It’s Show Time: AWS Polly Vs Google Cloud Text-To-Speech

Francesco Malatesta
Francesco Codes
Published in
4 min readApr 11, 2018

This is the english “translation” of an article I wrote for my blog. You can find the original on francesco.codes. Credits to Luca Matteis for the proofreading and Alessio Biancalana for various advices.

A few months ago I launched a little side-project / experiment, cryptoaud.io. Basically it’s a news aggregator for the cryptocurrency world that creates an audio version of every crawled article digest, using the AWS Polly text-to-speech technology APIs. Idea: listen to the news instead of reading it.

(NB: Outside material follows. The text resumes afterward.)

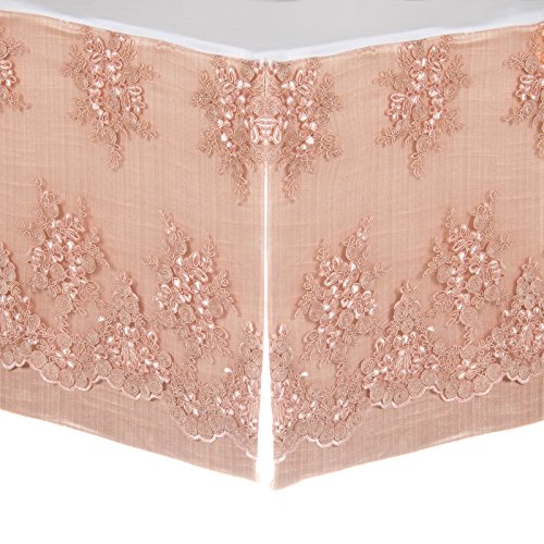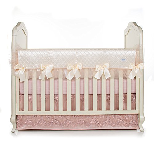 Our elegant crib skirt adds a touch of luxury and softness to any nursery. Classic design features an opulent double skirt of premium designer grade fabrics. Exquisite corded embroidery in a rich shade of blush features cascading bouquets of wispy petals and vining fronds with a delicate scallop edge. Underskirt is printed with an understated tonal pink on pink striation for added interest. Both fabrics have a subtle shine similar to vintage silk for a luminous quality. Such fine linens for your little blessing make heirlooms for future generations to treasure. The durable 100% cotton centerpiece covers the crib spring or board to help protect the mattress. The crib bed skirt is 13.5" deep with a finished hem and split corners to help make changing it quick and easy. Machine wash cold with like colors. Tumble dry low for best results. In 1977, Glenna made her first pillows by hand in her home in Virginia. Taking care in each detail, her passion for sewing and design led her to bedding and nursery design. Four decades later, she and her family continue to lovingly craft bedding and accessories that are shipped internationally from Petersburg, Virginia. The recipient of numerous awards, Glenna Jean is proud to be recognized as having theBest Bedding for a record seven years by the readers of industry publication Baby and Childrens' Product News. From her family to yours, Glenna brings stylish elegance and warmth to your nursery. ATTENTION TO DETAIL - At Glenna Jean, we have an eye for detail. From gorgeous textured pink roses on crinkled floor length bed skirts, to harlequin pin-tuck fabric in creamy ivory found on many bedding pieces, your baby has never looked so elegant! Everything from the fabric right down to the stitching, Glenna Jean Bedding is apart from the rest. We take pride in the fine details because your baby’s nursery is where some of life’s most precious memories are made BEAUTIFULLY MADE - This bedding is proudly handcrafted in the United States. We have taken care to create pieces that will surround your baby with love and warmth. We’ve combined elements such as taffeta silk and creamy velvet to create a product that you can trust. Our designers seek to create durable bedding and accessories that not only last, but complements rooms of all shapes and sizes PREMIUM QUALITY - We adhere to the highest standards of quality. Hand crafted on-site in the United States, we are able to closely monitor the quality of our materials end-to-end. Made from the highest thread count fabrics, this quilt, bed skirt and fitted sheet ensemble will turn your baby’s crib into a dreamy oasis. Our premium blend of cotton and polyester ensures each piece can withstand frequent circulation over time GORGEOUS PATTERNS - You won’t find any monotone prints here! Our in-house designers closely monitor the evolving trends in nursery design and style to make sure our product stays current and versatile. From a gorgeous, detailed library of fabrics including woven stripes, ginghams and plaids that blend beautifully with damask velvets, crushed taffeta and lush embroideries, fantastic designs are created having timeless appeal and heirloom quality.

Such waves, much spectrum.

I always try to keep myself updated about new stuff in text-to-speech technology because I think it’s one of the most interesting fields in information technology. When I stumbled upon AWS Polly I was really amazed about how well it does the job.

Then it happened: I was in the middle of my morning session of news reading and an article on TheVerge totally captured my attention. Google just released a new cloud service for text-to-speech.

Guess the name? Google Cloud Text-to-Speech. Wow.

Apart from the name originality, I had to try it.

So here I am: in this article I will show you:

  • what this new service does, and how;
  • a quick comparison with AWS Polly;
  • a first basic implementation in PHP;

What is Google Cloud Text-to-Speech / First Test

Let’s see what Google Cloud Text-to-Speech does and what impressed me most in terms of what I was searching for:

  • creation of more natural-like interaction if compared to its competitors, thanks as it has WaveNet under the hood;
  • everything can be done by using some dedicated REST APIs;
  • an interesting pricing model, the service starts with a one milion characters free tier. After that, you pay $16 for the next milion, and so on. The price goes down to $4 for non-WaveNet voices (not interested);

On the Cloud Text-to-Speech project home page you can find a form to test its power. So, I went to one of my sources (Cointelegraph) and picked up a paragraph from the latest article.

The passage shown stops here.